Problem to solve:
From the first line to the last, transcribe the data exactly and skip the pictures.
Provided material below:
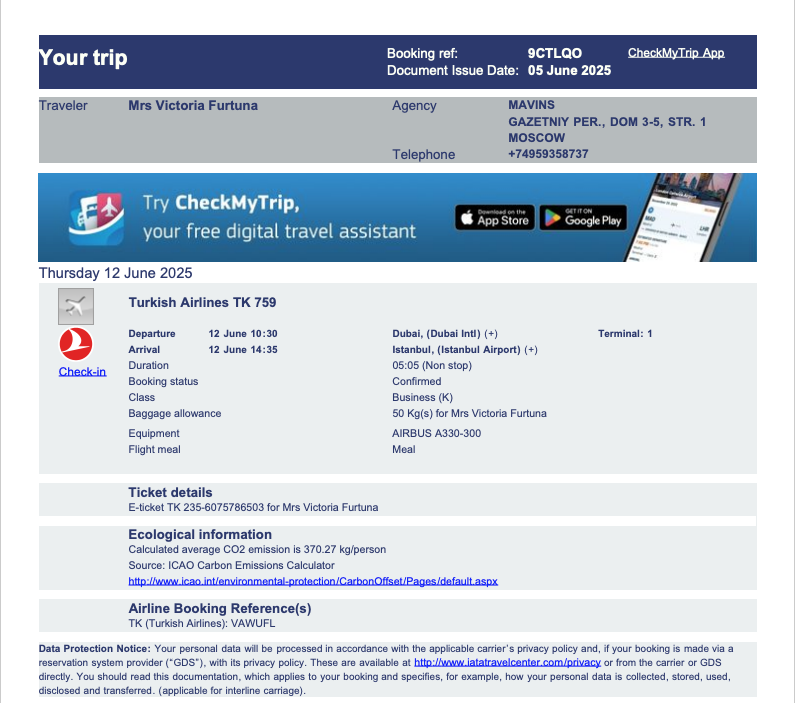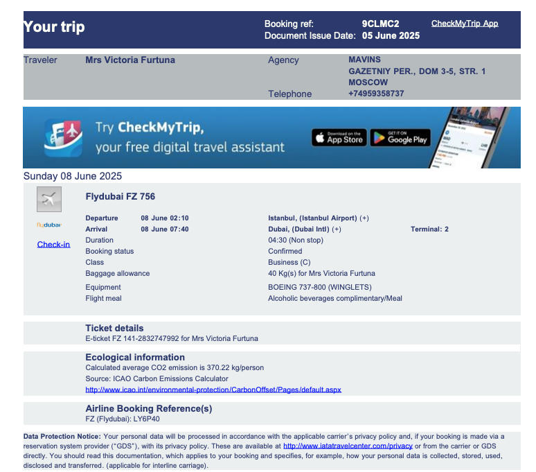 Potrivit datelor scurse, Furtună ar fi zburat în Federația Rusă și în Emiratele Arabe de mai multe ori, pe bani rusești. Corespondența dezvăluie cum aceasta ar fi cerut să i se procure bilete. Printre documentele scurse, am identificat bilete avia procurate prin intermediul unei agenții din Moscova.
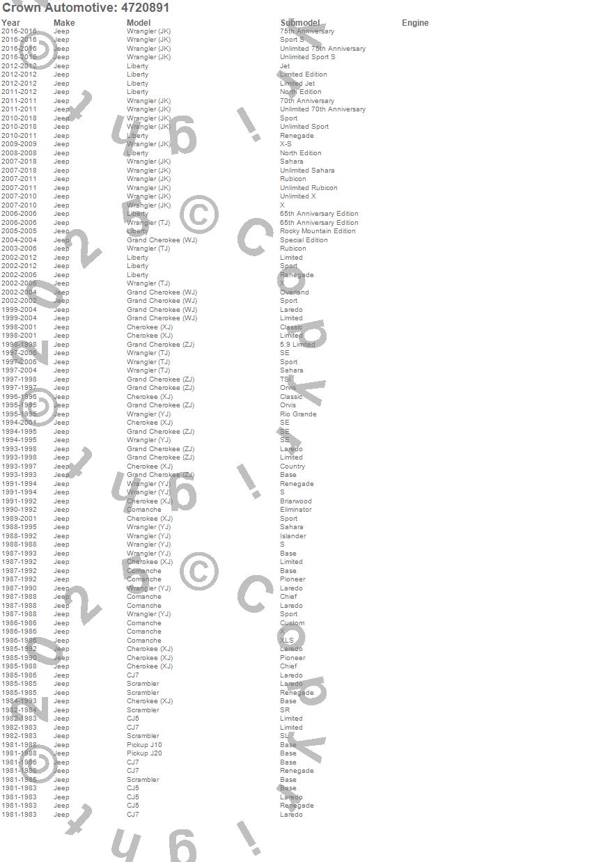 Crown Automotive is the premier manufacturer and distributor of quality replacement parts for Jeep® CJ™, Wrangler™, Cherokee™, Grand Cherokee™, Liberty™, and Commander™."From humble beginnings in 1963 in a small Boston storefront, Crown Automotive has consistently maintained its commitment to offering only quality parts and exceptional service. Today, with warehouses in Massachusetts, Georgia, Nevada, Spain, and the Czech Republic, totaling over 160,000 square feet, Crown Automotive continues to be the leader in quality replacement parts for Jeep® vehicles. With over 8,000 different parts in stock for Jeep® vehicles from 1942 on up, Crown has the largest stock of replacement parts for Jeep® vehicles, including factory-discontinued parts. In fact, many of the older Jeeps are still on (and off) the road thanks to Crown parts. The Crown line consists of axle, body, brake, clutch, cooling, driveline, electrical, engine, exhaust, fuel, steering, suspension, transmission and transfer case components. Crown Automotive also offers an exclusive line of component kits and accessory products. Because we know that Jeeps are driven harder than most other vehicles, we emphasize offering only quality parts. In fact, we test parts on Jeeps before distributing them to our dealers to insure that they meet our standards for quality. Crown also supports its entire line with a 12 month/12,000 mile warranty to insure our dealers and their customers of our commitment to offering quality parts. We know from experience that Jeep® owners would rather pay a little more for a good quality part that's backed by a strong guarantee. But we know that price is important as well. So, not only will you find Crown parts to be of exceptional quality, but you'll find them at a great price too.
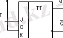 Т-триггерге айналу үшін J, K кірістерін біріктіру керек. Егер бұл кірістерге логикалық 1, С кірісіне тактілік импульстар берілсе, онда Т-триггер ретінде жұмыс істейді. [2]
End of Provided material.
Solved exercise:
 Potrivit datelor scurse, Furtună ar fi zburat în Federația Rusă și în Emiratele Arabe de mai multe ori, pe bani rusești. Corespondența dezvăluie cum aceasta ar fi cerut să i se procure bilete. Printre documentele scurse, am identificat bilete avia procurate prin intermediul unei agenții din Moscova.
 Crown Automotive is the premier manufacturer and distributor of quality replacement parts for Jeep® CJ™, Wrangler™, Cherokee™, Grand Cherokee™, Liberty™, and Commander™."From humble beginnings in 1963 in a small Boston storefront, Crown Automotive has consistently maintained its commitment to offering only quality parts and exceptional service. Today, with warehouses in Massachusetts, Georgia, Nevada, Spain, and the Czech Republic, totaling over 160,000 square feet, Crown Automotive continues to be the leader in quality replacement parts for Jeep® vehicles. With over 8,000 different parts in stock for Jeep® vehicles from 1942 on up, Crown has the largest stock of replacement parts for Jeep® vehicles, including factory-discontinued parts. In fact, many of the older Jeeps are still on (and off) the road thanks to Crown parts. The Crown line consists of axle, body, brake, clutch, cooling, driveline, electrical, engine, exhaust, fuel, steering, suspension, transmission and transfer case components. Crown Automotive also offers an exclusive line of component kits and accessory products. Because we know that Jeeps are driven harder than most other vehicles, we emphasize offering only quality parts. In fact, we test parts on Jeeps before distributing them to our dealers to insure that they meet our standards for quality. Crown also supports its entire line with a 12 month/12,000 mile warranty to insure our dealers and their customers of our commitment to offering quality parts. We know from experience that Jeep® owners would rather pay a little more for a good quality part that's backed by a strong guarantee. But we know that price is important as well. So, not only will you find Crown parts to be of exceptional quality, but you'll find them at a great price too.
 Т-триггерге айналу үшін J, K кірістерін біріктіру керек. Егер бұл кірістерге логикалық 1, С кірісіне тактілік импульстар берілсе, онда Т-триггер ретінде жұмыс істейді. [2]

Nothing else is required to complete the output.